Asian Americans are gearing up for a large immigration reform rally on Capitol Hill next week that will focus opposition on an alleged plan by lawmakers to eliminate family-based visa petitions by US citizens.

Various Fil-Am groups are already mobilizing for the rally scheduled on the West Lawn of US Capitol building from 3-6 PM on Wednesday, April 10.

Two groups – the umbrella National Federation of Filipino-American Associations (NaFFAA) and Washington-based Migrant Heritage Commission (MHC) are urging Filipinos to come out strong for the mass action organized by the Asian American Justice Center, among others.

Anxiety is sweeping the Asian American community because they place heavy premium on the ability to bring relatives to the US. A recent study by the Migrant Policy Institute (MPI) showed over 4 million people have approved petitions for legal permanent residence – mostly from family-based visa categories – but can’t come over because their priority dates have not become current.

Next to natives of Mexico, Filipinos have the longest waiting time that in some categories stretches to over 20 years.  The MPI estimates that based on current quota levels and assuming there are no new petitions filed, it will take the government 19 years to clear this backlog.

Some conservative senators now apparently believe the way to solve the backlog is stopping certain family petitions by American citizens altogether.

Republican Sen.

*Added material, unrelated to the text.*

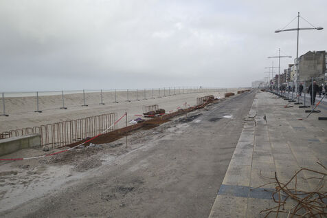 Une nouvelle phase des travaux de consolidation et de rénovation de la dique de la plage de Dunkerque est en cours. Débuté au début de la digue du côté du port et face au nouvel hotal 4 étoiles Radisson Blu. La rénovation est maintenant en cours sur la partie de Malo-les-bains jusqu'au pose de secours.
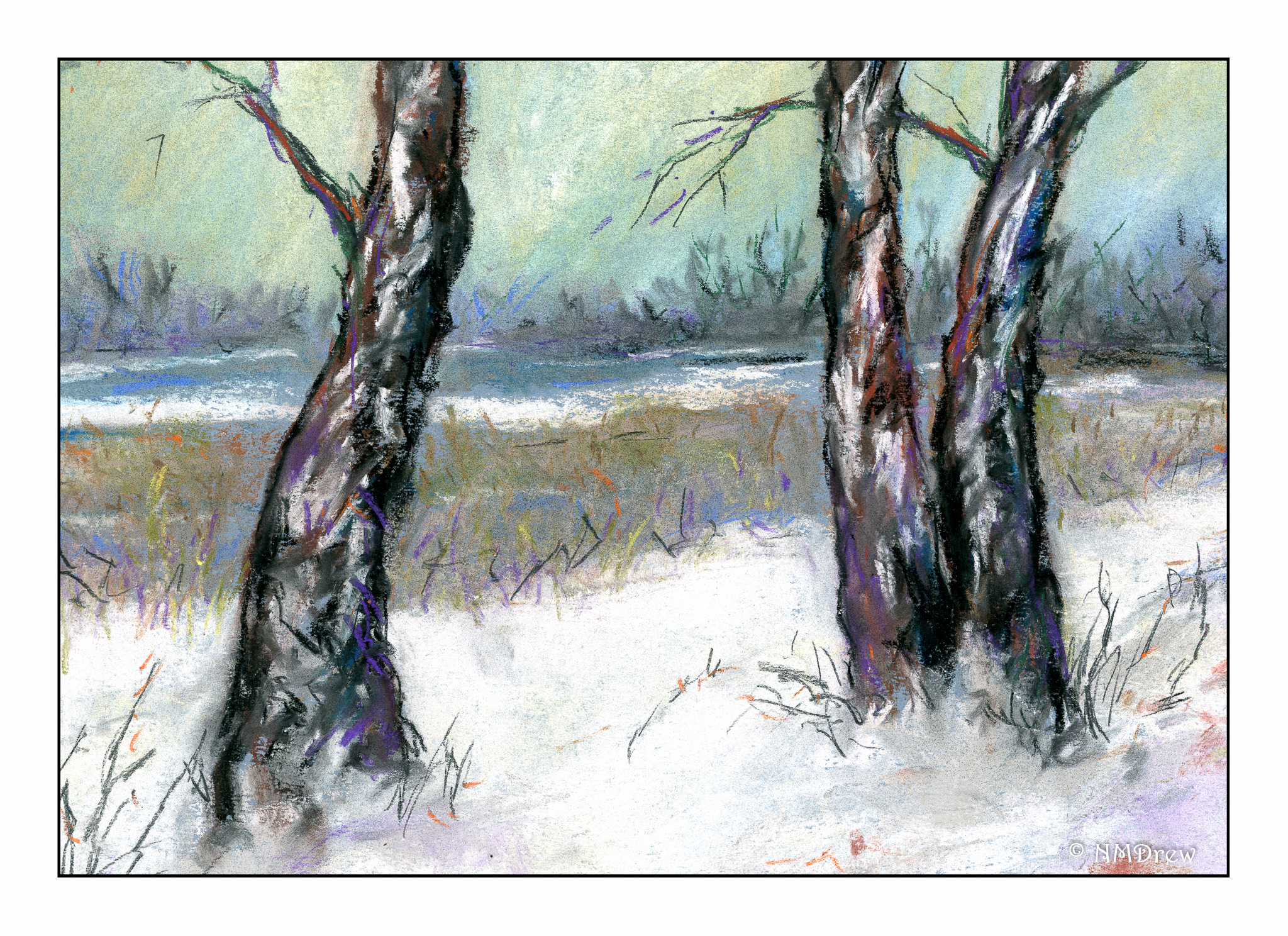 The snow on the trees was an interesting challenge. To accomplish it, I scribbled some pure white pastel onto it, and then used the tip of the torchon to blend around it.

Lindsey Graham, part of the so-called Gang of Eight bipartisan group crafting a proposed immigration reform bill in the Senate said “green cards” should be reserved for the “nuclear family”.

“This is not a family court we’re dealing with here. We’re dealing about an economic need,” he was quoted by the Associated Press. Some say this could eliminate visa categories for adult and married sons and daughters as well as siblings of American citizens.

In California, Asian American groups gathered in Los Angeles’“Filipinotown” to press demands Congress strengthen family reunification as part of a comprehensive immigration reform deal. 

“The immigrant community has made it clear that they want Congress to act on immigration reform now,” said Stewart Kwoh, executive director of the Asian Pacific American Legal Center.

“Our community calls on Congress to protect and affirm family unity in immigration reform legislation. Brothers, sister and adult married children are our family members and must continue to have a path to family reunification,” he stressed.

“We need immigration reform that reunites immigrant families, including LGBT families for the long-term social and economic vitality of our nation,” declared Rep. Judy Chu (27th Dist, CA).

“Family is a cornerstone American value and our nation will be stronger if family unity is protected and strengthened in immigration reform legislation,” she argued.

“We have a historic opportunity to finally address the broken immigration system. For decades waiting has become synonymous with the word immigration to many Filipino families,” said Cynthia Buiza of the Filipino Migrant Center.

“Any immigration reform will not be complete without maintaining the integrity of the family immigration system. Let us put an end to the injustice of waiting,” she exhorted.

Advocates say Graham’s proposal would run counter to the fundamental premise of the Immigration and Nationality Act of 1965 which prioritized families as well as skilled labor in extending residency.